▼
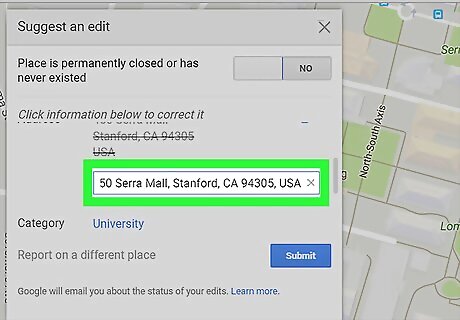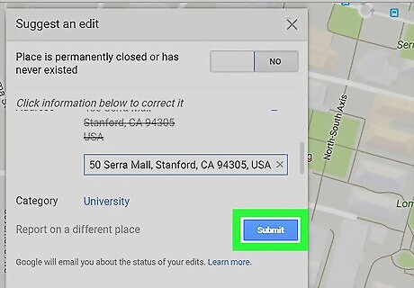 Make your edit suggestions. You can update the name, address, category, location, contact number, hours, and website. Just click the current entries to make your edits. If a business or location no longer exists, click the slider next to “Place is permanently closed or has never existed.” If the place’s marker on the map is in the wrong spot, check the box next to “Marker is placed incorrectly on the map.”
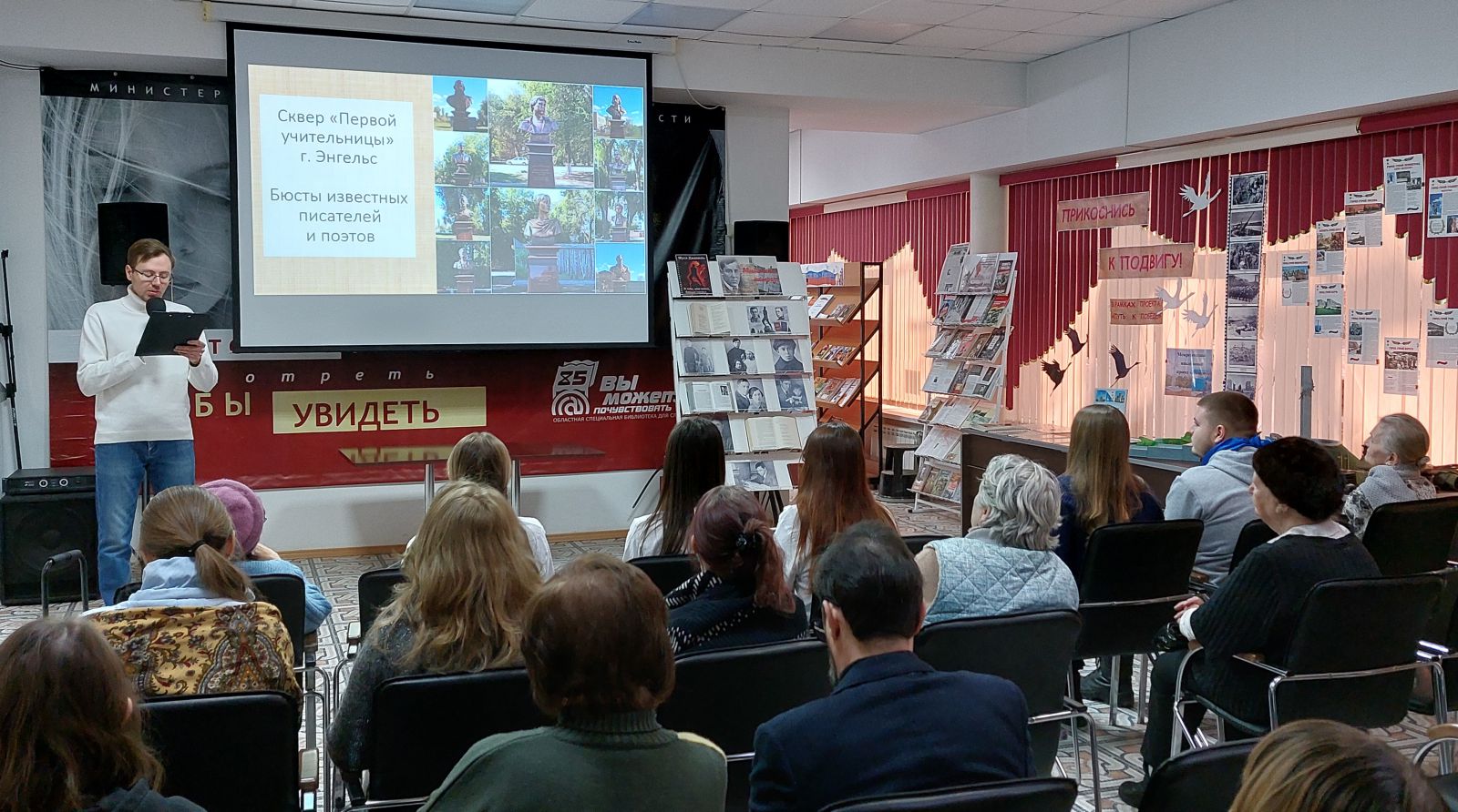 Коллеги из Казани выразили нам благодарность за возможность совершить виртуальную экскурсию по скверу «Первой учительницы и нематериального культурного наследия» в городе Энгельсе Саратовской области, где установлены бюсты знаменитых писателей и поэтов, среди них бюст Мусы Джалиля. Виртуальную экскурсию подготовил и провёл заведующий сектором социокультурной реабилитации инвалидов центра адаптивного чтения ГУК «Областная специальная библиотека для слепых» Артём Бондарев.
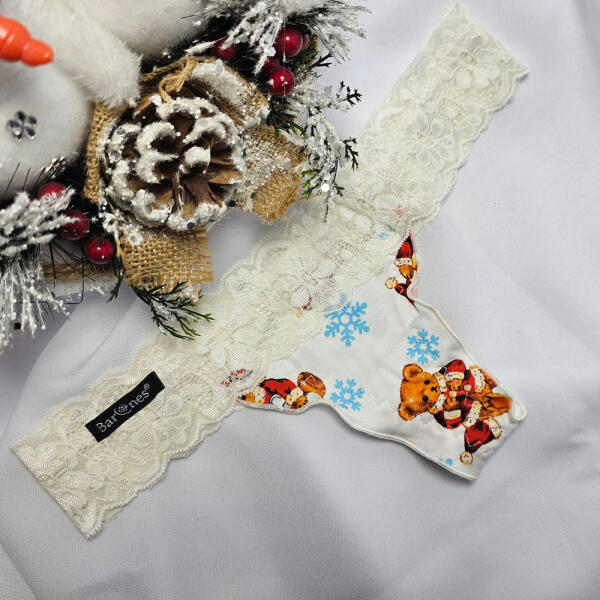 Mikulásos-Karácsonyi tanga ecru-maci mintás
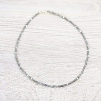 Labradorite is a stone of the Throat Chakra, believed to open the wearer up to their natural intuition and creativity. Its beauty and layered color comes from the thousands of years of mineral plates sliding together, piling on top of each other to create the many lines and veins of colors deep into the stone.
▲
Transcribe the listing above verbatim. No picture belongs in the result.

● **Answer below**
 Make your edit suggestions. You can update the name, address, category, location, contact number, hours, and website. Just click the current entries to make your edits. If a business or location no longer exists, click the slider next to “Place is permanently closed or has never existed.” If the place’s marker on the map is in the wrong spot, check the box next to “Marker is placed incorrectly on the map.”
 Коллеги из Казани выразили нам благодарность за возможность совершить виртуальную экскурсию по скверу «Первой учительницы и нематериального культурного наследия» в городе Энгельсе Саратовской области, где установлены бюсты знаменитых писателей и поэтов, среди них бюст Мусы Джалиля. Виртуальную экскурсию подготовил и провёл заведующий сектором социокультурной реабилитации инвалидов центра адаптивного чтения ГУК «Областная специальная библиотека для слепых» Артём Бондарев.
 Mikulásos-Karácsonyi tanga ecru-maci mintás
 Labradorite is a stone of the Throat Chakra, believed to open the wearer up to their natural intuition and creativity. Its beauty and layered color comes from the thousands of years of mineral plates sliding together, piling on top of each other to create the many lines and veins of colors deep into the stone.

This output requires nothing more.